Introduction#
What is music description? And why do we need it?#
The goal of automatic music description (AMU) is to analyse music audio and “translate” it into human-readable form. As such, AMU is an umbrella term that covers several tasks.
Being able to automatically create descriptions of music audio content is useful for a variety of practical purposes. For example, through AMU we can:
Annotate large collections of music for easier search, navigation and organisation
Generate human-readable summaries of musical content for the Deaf or Hard-of-hearing, or when audio playback is not possible
Automatically caption music sections in videos and films
Produce educational resources
Enable personalised music recommendation systems using natural language queries
In the last couple of years, AMU systems have also represented an increasingly popular resource for synthetic data generation. In this case, instead of finding a direct application, they are used to generate synthetic text data for unlabeled or partially labeled audio that can then support training of machine learning models on other tasks that require (audio, text) pairs, such as text-to-music retrieval and text-to-music generation. This is how some of the latest audio-text music datasets are produced (see Datasets).
The axes of music description#
We can distinguish between different types of music description along two axes:
Abstraction: the abstraction level of the features captured in the description (”what we describe”)
Complexity: the complexity of the description (”how we describe”)

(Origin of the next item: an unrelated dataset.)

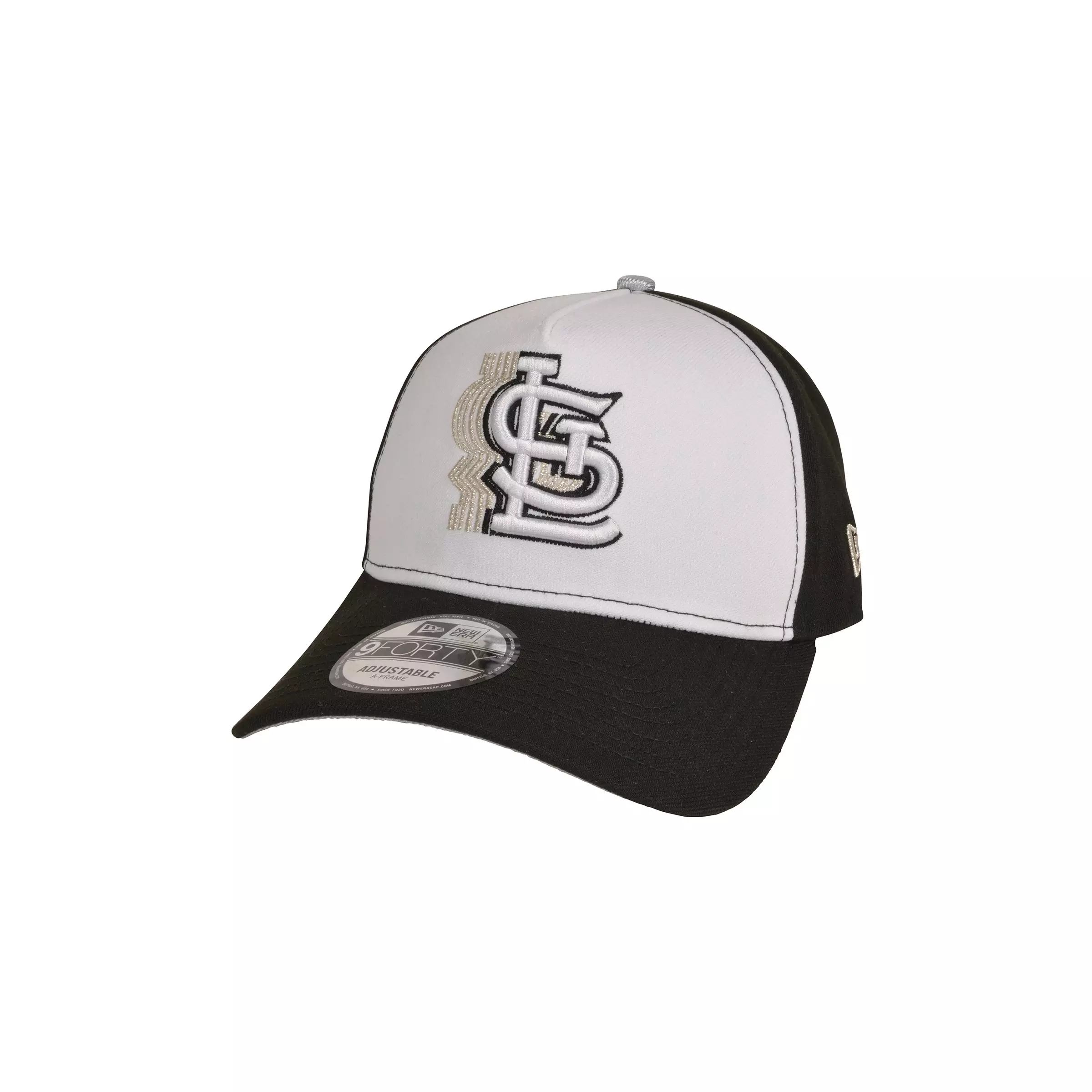 Show your team pride with the New Era St. Louis Cardinals 9FORTY A-Frame Snapback Hat-Black/White/Silver, featuring a structured A-frame crown and bold front Cardinals patch. The pre-curved visor delivers instant, easy wear, while the sleek metallic-inspired color accents elevate everyday looks.

In this tutorial, we’re particularly interested in natural language descriptions, which occupy a higher position on the complexity axis compared to label-based descriptions, and usually span a wide range of abstraction levels. In the following sections, we will review this shift towards more complex description tasks, tracing the evolution of AMU from its classification-based formulation to today’s most common variants.
Overview of this tutorial section#
Overall, this part of the tutorial is structed into 4 section:
In the Tasks section, we describe key music description tasks, highlighting differences between classification-based and language-based tasks, and presenting recent developements in dialogue-based tasks.
In the Models section, we take a look at how this shift towards natural language has gone hand in hand with advancements in deep learning architectures and modelling paradigms. Here, we explain the design of typical music description models, covering architectures, modelling and training paradigms, and respective benefits and shortcomings.
In the Datasets section, we provide useful resources regarding existing data that supports training and evaluation of music description models.
Finally, in the Evaluation section, we talk about how we usually evaluate music description systems today, and discuss some of the main challenges we face.